> [WHAT THE TASK REQUIRES]: Without including any pictures, reproduce all the lines below word for word.

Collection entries

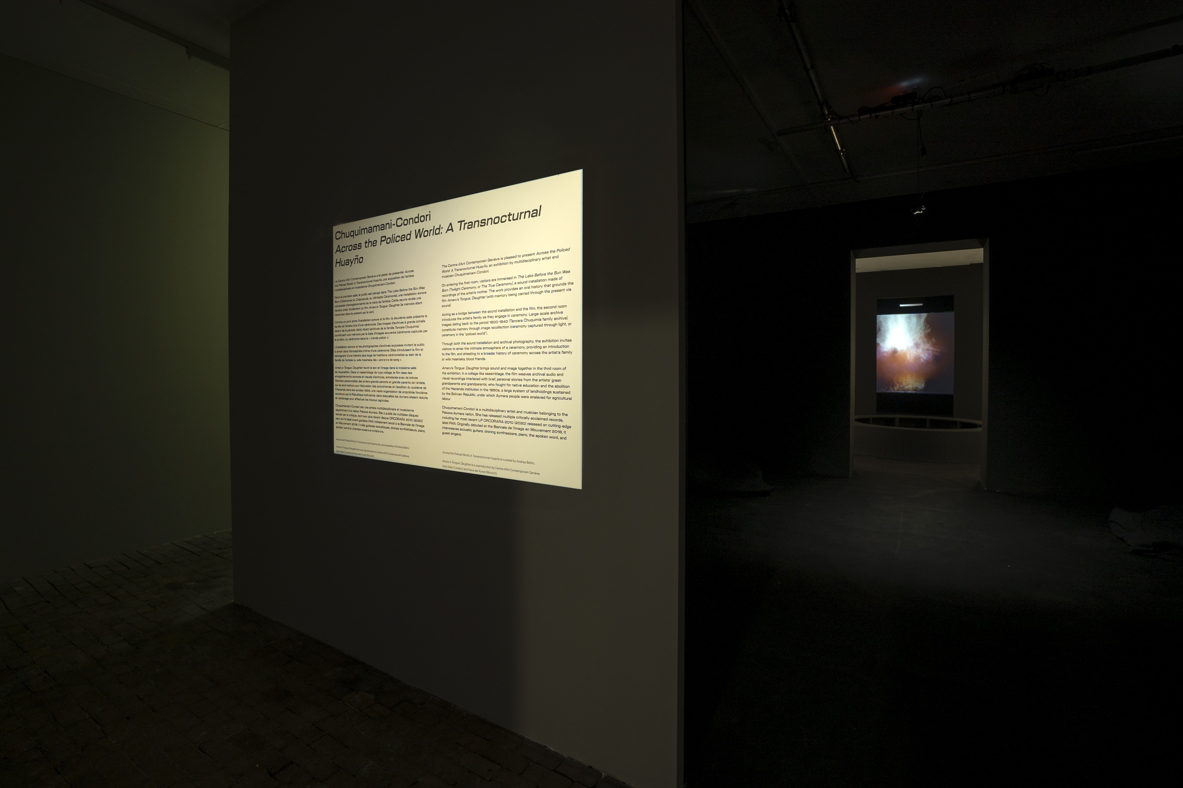 Amaru’s Tongue: Daughter est commissionné par Auto Italia et coproduit par le Centre d’Art Contemporain Genève, Auto Italia, Haus der Kunst et l’Arsenic – Centre d’art scénique contemporain. Le film a été présenté en première simultanément à Londres et à Munich. À Genève, il est présenté pour la première fois dans le cadre d’une installation plus vaste de trois pièces, réalisée par Chuquimamani-Condori. Across the Policed World : A Transnocturnal Huayño est une proposition d’Andrea Bellini. L’artiste propose au public une présentation autour de l’exposition à 20h le soir du vernissage le vendredi 4 mars.
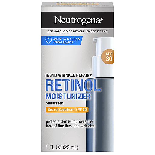 Help hydrate & protect skin while reducing the look of wrinkles with Neutrogena Rapid Wrinkle Repair Retinol Anti-Wrinkle Daily Moisturizer with Broad Spectrum SPF 30 Sunscreen. This fast-acting retinol face & neck cream visibly reduces the look of fine lines & wrinkles while protecting against sun damage. Great for a daily skincare routine, our anti-wrinkle formula has been dermatologist tested to smooth skin & improve skin clarity in one week & reduce the look of fine lines & dark spots in just four weeks. Formulated with retinol, a powerful dermatologist-proven form of vitamin A that fights fine lines, dullness, wrinkles & dark spots. Plus, hyaluronic acid, which adds plumping moisture to help hydrate & rejuvenate the look of skin. This Broad Spectrum SPF 30 skin protecting moisturizer is formulated without parabens, mineral oil & dyes & comes from the #1 retinol brand used most by dermatologists.
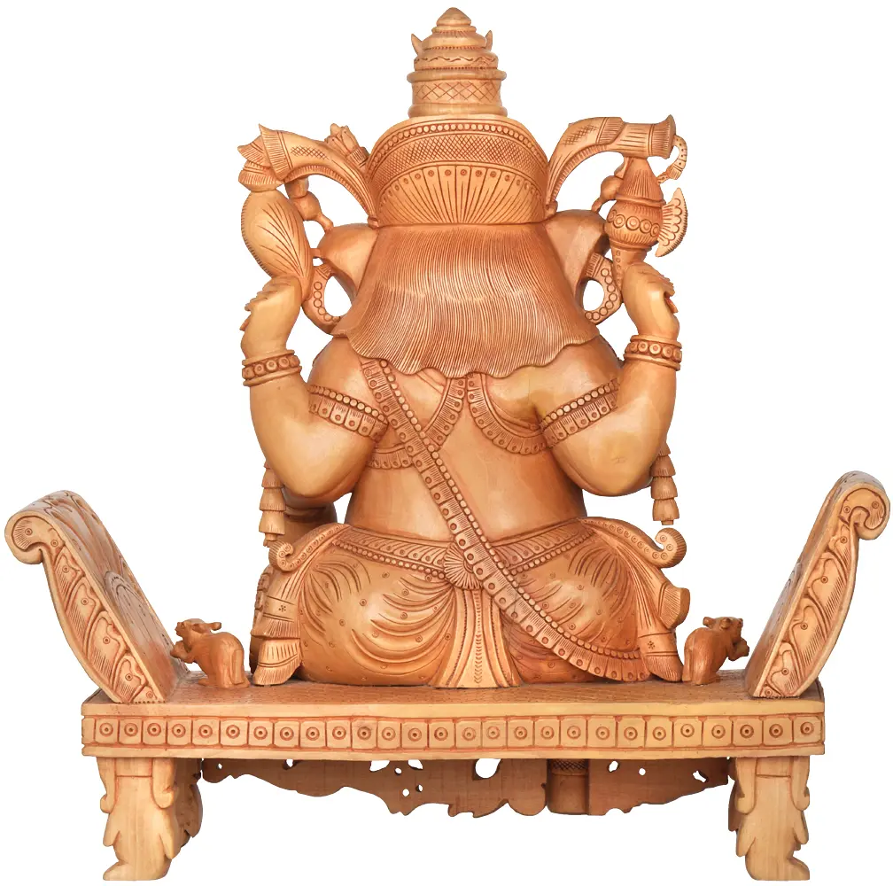 This wooden carving is more than just an idol; it is a testament to the enduring artistry and spiritual depth of Indian traditions. The smooth finish and the fine detailing of the carvings on the throne, including the presence of his loyal vahana, the mouse (Musha), further enhance the authenticity and sacredness of the piece. The sheer presence of this Ganesha idol is sure to elevate any space, be it your living room, meditation room, or office. It serves as a constant reminder of divine wisdom and the blessings that come with overcoming challenges. This sculpture is an ideal gift for loved ones, symbolizing well wishes for their endeavors and a life filled with prosperity and peace. Let this beautifully carved Ganesha usher in an era of auspicious beginnings and unwavering strength into your life.
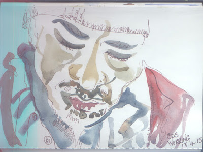 I am finding it hard to settle, must get back to sketching and painting again. On Saturday I went to the church in Plaza Candelaria, they have finished the outside and are now painting the inside and it is looking splendid, even though some of the figures/saints are missing... Fernandos Corazon de Jesus, which was a shock.. presumably they are doing restoration work on them. Today was lazy and just sketched on the terrace.
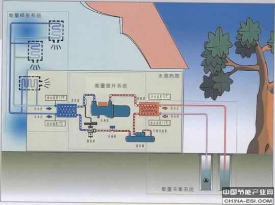 地球表面浅层水源(一般在1000 米以内),如地下水、地表的河流、湖泊和海洋,吸收了太阳进入地球的相当的辐射能量,并且水源的温度一般都十分稳定。水源热泵技术的工作原理就是:通过输入少量高品位能源(如电能),实现低温位热能向高温位转移。水体分别作为冬季热泵供暖的热源和夏季空调的冷源,即在夏季将建筑物中的热量“取”出来,释放到水体中去,由于水源温度低,所以可以高效地带走热量,以达到夏季给建筑物室内制冷的目的;而冬季,则是通过水源热泵机组,从水源中“提取”热能,送到建筑物中采暖。
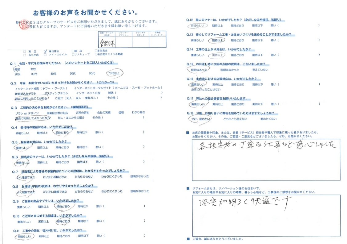 お店の雰囲気や印象。または、営業(サービス)担当者や職人で印象に残った者がおりましたら、お聞かせください。その他、ご要望・ご意見などございましたら、ぜひ、お聞かせください。
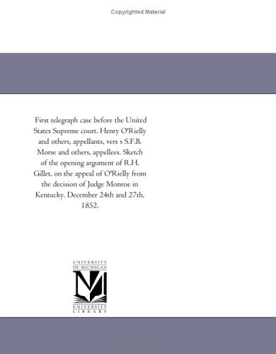 You are about to access our book library "First telegraph case before the United States Supreme court. Henry O'Rielly and others, appellants, vers s S.F.B. Morse and others, appellees. Sketch ... from the decision of Judge Monroe in K full version"
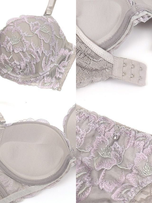 フローラル刺繍ビジュー脇高カップブラジャー&ショーツ2点セットの詳細画像
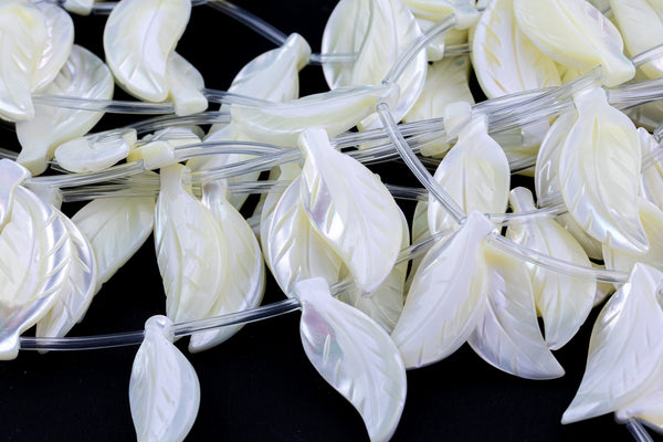 Iridescent White Mother of Pearl MOP Shell Leaf Drop Beads- 2 Pieces per order- 13x31mm Shell Beads
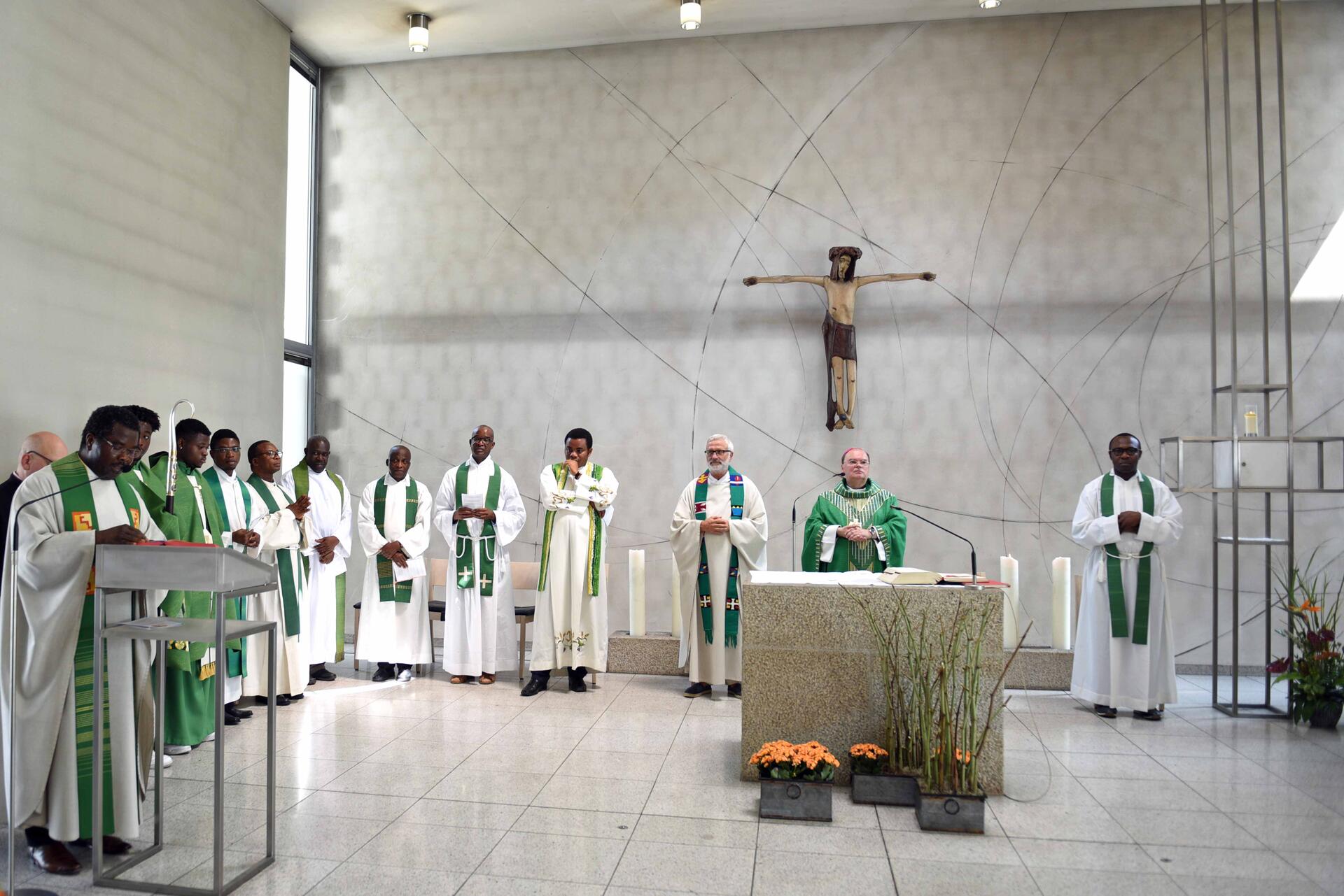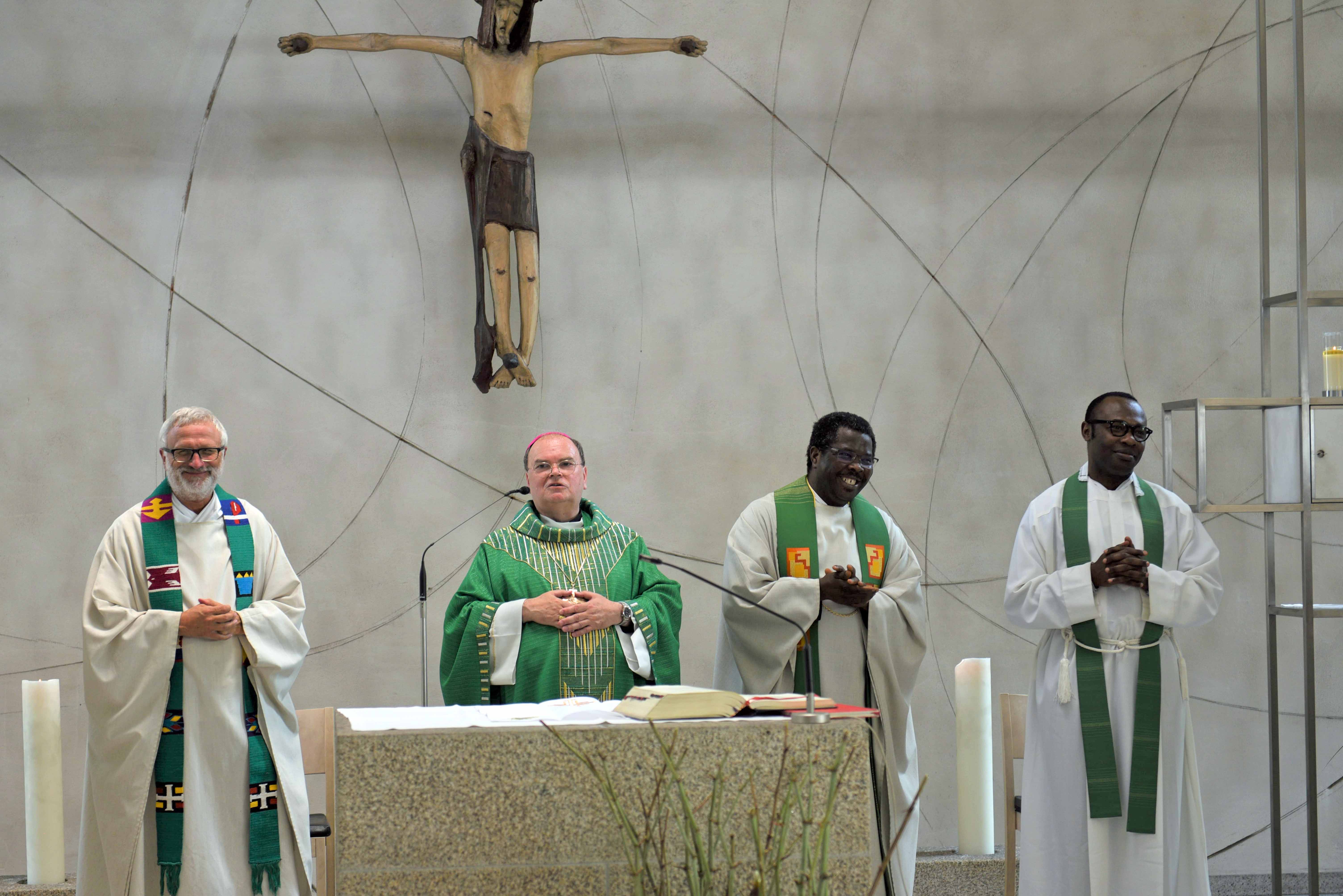„Zusammen singen, gemeinsam Gott loben, miteinander feiern“ war auf der Einladung zum Pfarrfest der Afrikanischen Gemeinde Augsburg zu lesen. Eine Aufforderung, der an diesem Sonntagnachmittag nicht nur Frauen, Männer und Kinder mit afrikanischen Wurzeln folgten. Eröffnet wurde das Fest durch einen feierlichen Gottesdienst mit Bischof Bertram im Thaddäus-Zentrum in Kriegshaber – viersprachig, mit bunten Gewändern, Trommelklängen und Tanz. Bei seiner in drei Sprachen gehaltenen Predigt thematisierte der Bischof die Wichtigkeit des Betens und die innige Beziehung zu Gott.
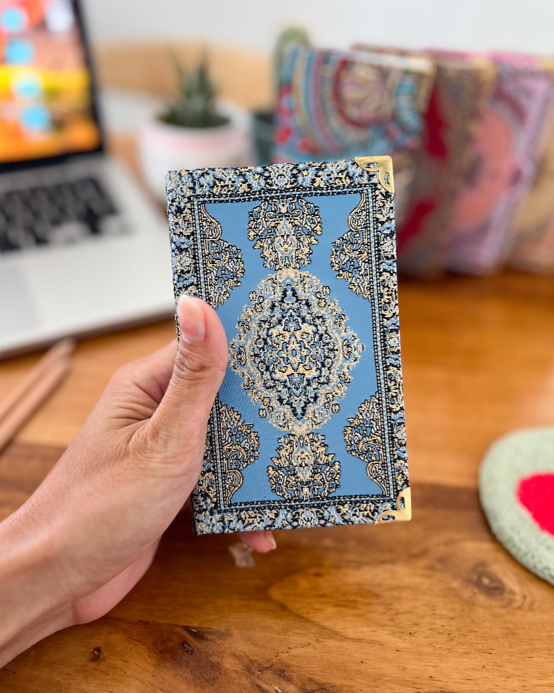 Blue Pocket Notebook, Rug Design Journal, Handmade Notebook
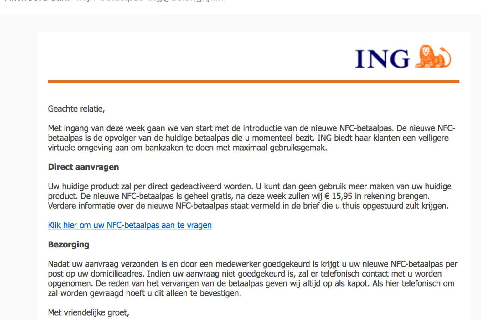 Volgens de e-mail gaat ING deze week van start met de introductie van een nieuwe NFC-betaalpas. Daarom zou je huidige betaalproduct per direct gedeactiveerd worden. De nieuwe bankpas is deze week nog gratis, daarna wordt € 15,95 berekend.
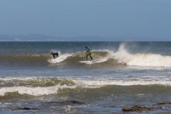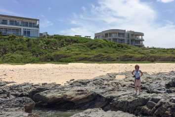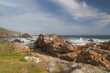 Gegen Mittag fahren wir dann weiter in Richtung Tsitsikamma. Am Beach von Jeffrey’s Bay legen wir eine kurze Picknickpause ein. Wir unterhalten uns ganz nett mit einem Einheimischen und beobachten die Surfer, die auf den Wellen entlang tanzen — die Bucht ist offenbar eine beliebte Spielwiese für diese Sportler.

> [EXPECTED ANSWER]:
 Amaru’s Tongue: Daughter est commissionné par Auto Italia et coproduit par le Centre d’Art Contemporain Genève, Auto Italia, Haus der Kunst et l’Arsenic – Centre d’art scénique contemporain. Le film a été présenté en première simultanément à Londres et à Munich. À Genève, il est présenté pour la première fois dans le cadre d’une installation plus vaste de trois pièces, réalisée par Chuquimamani-Condori. Across the Policed World : A Transnocturnal Huayño est une proposition d’Andrea Bellini. L’artiste propose au public une présentation autour de l’exposition à 20h le soir du vernissage le vendredi 4 mars.
 Help hydrate & protect skin while reducing the look of wrinkles with Neutrogena Rapid Wrinkle Repair Retinol Anti-Wrinkle Daily Moisturizer with Broad Spectrum SPF 30 Sunscreen. This fast-acting retinol face & neck cream visibly reduces the look of fine lines & wrinkles while protecting against sun damage. Great for a daily skincare routine, our anti-wrinkle formula has been dermatologist tested to smooth skin & improve skin clarity in one week & reduce the look of fine lines & dark spots in just four weeks. Formulated with retinol, a powerful dermatologist-proven form of vitamin A that fights fine lines, dullness, wrinkles & dark spots. Plus, hyaluronic acid, which adds plumping moisture to help hydrate & rejuvenate the look of skin. This Broad Spectrum SPF 30 skin protecting moisturizer is formulated without parabens, mineral oil & dyes & comes from the #1 retinol brand used most by dermatologists.
 This wooden carving is more than just an idol; it is a testament to the enduring artistry and spiritual depth of Indian traditions. The smooth finish and the fine detailing of the carvings on the throne, including the presence of his loyal vahana, the mouse (Musha), further enhance the authenticity and sacredness of the piece. The sheer presence of this Ganesha idol is sure to elevate any space, be it your living room, meditation room, or office. It serves as a constant reminder of divine wisdom and the blessings that come with overcoming challenges. This sculpture is an ideal gift for loved ones, symbolizing well wishes for their endeavors and a life filled with prosperity and peace. Let this beautifully carved Ganesha usher in an era of auspicious beginnings and unwavering strength into your life.
 I am finding it hard to settle, must get back to sketching and painting again. On Saturday I went to the church in Plaza Candelaria, they have finished the outside and are now painting the inside and it is looking splendid, even though some of the figures/saints are missing... Fernandos Corazon de Jesus, which was a shock.. presumably they are doing restoration work on them. Today was lazy and just sketched on the terrace.
 地球表面浅层水源(一般在1000 米以内),如地下水、地表的河流、湖泊和海洋,吸收了太阳进入地球的相当的辐射能量,并且水源的温度一般都十分稳定。水源热泵技术的工作原理就是:通过输入少量高品位能源(如电能),实现低温位热能向高温位转移。水体分别作为冬季热泵供暖的热源和夏季空调的冷源,即在夏季将建筑物中的热量“取”出来,释放到水体中去,由于水源温度低,所以可以高效地带走热量,以达到夏季给建筑物室内制冷的目的;而冬季,则是通过水源热泵机组,从水源中“提取”热能,送到建筑物中采暖。
 お店の雰囲気や印象。または、営業(サービス)担当者や職人で印象に残った者がおりましたら、お聞かせください。その他、ご要望・ご意見などございましたら、ぜひ、お聞かせください。
 You are about to access our book library "First telegraph case before the United States Supreme court. Henry O'Rielly and others, appellants, vers s S.F.B. Morse and others, appellees. Sketch ... from the decision of Judge Monroe in K full version"
 フローラル刺繍ビジュー脇高カップブラジャー&ショーツ2点セットの詳細画像
 Iridescent White Mother of Pearl MOP Shell Leaf Drop Beads- 2 Pieces per order- 13x31mm Shell Beads
„Zusammen singen, gemeinsam Gott loben, miteinander feiern“ war auf der Einladung zum Pfarrfest der Afrikanischen Gemeinde Augsburg zu lesen. Eine Aufforderung, der an diesem Sonntagnachmittag nicht nur Frauen, Männer und Kinder mit afrikanischen Wurzeln folgten. Eröffnet wurde das Fest durch einen feierlichen Gottesdienst mit Bischof Bertram im Thaddäus-Zentrum in Kriegshaber – viersprachig, mit bunten Gewändern, Trommelklängen und Tanz. Bei seiner in drei Sprachen gehaltenen Predigt thematisierte der Bischof die Wichtigkeit des Betens und die innige Beziehung zu Gott.
 Blue Pocket Notebook, Rug Design Journal, Handmade Notebook
 Volgens de e-mail gaat ING deze week van start met de introductie van een nieuwe NFC-betaalpas. Daarom zou je huidige betaalproduct per direct gedeactiveerd worden. De nieuwe bankpas is deze week nog gratis, daarna wordt € 15,95 berekend.
 Gegen Mittag fahren wir dann weiter in Richtung Tsitsikamma. Am Beach von Jeffrey’s Bay legen wir eine kurze Picknickpause ein. Wir unterhalten uns ganz nett mit einem Einheimischen und beobachten die Surfer, die auf den Wellen entlang tanzen — die Bucht ist offenbar eine beliebte Spielwiese für diese Sportler.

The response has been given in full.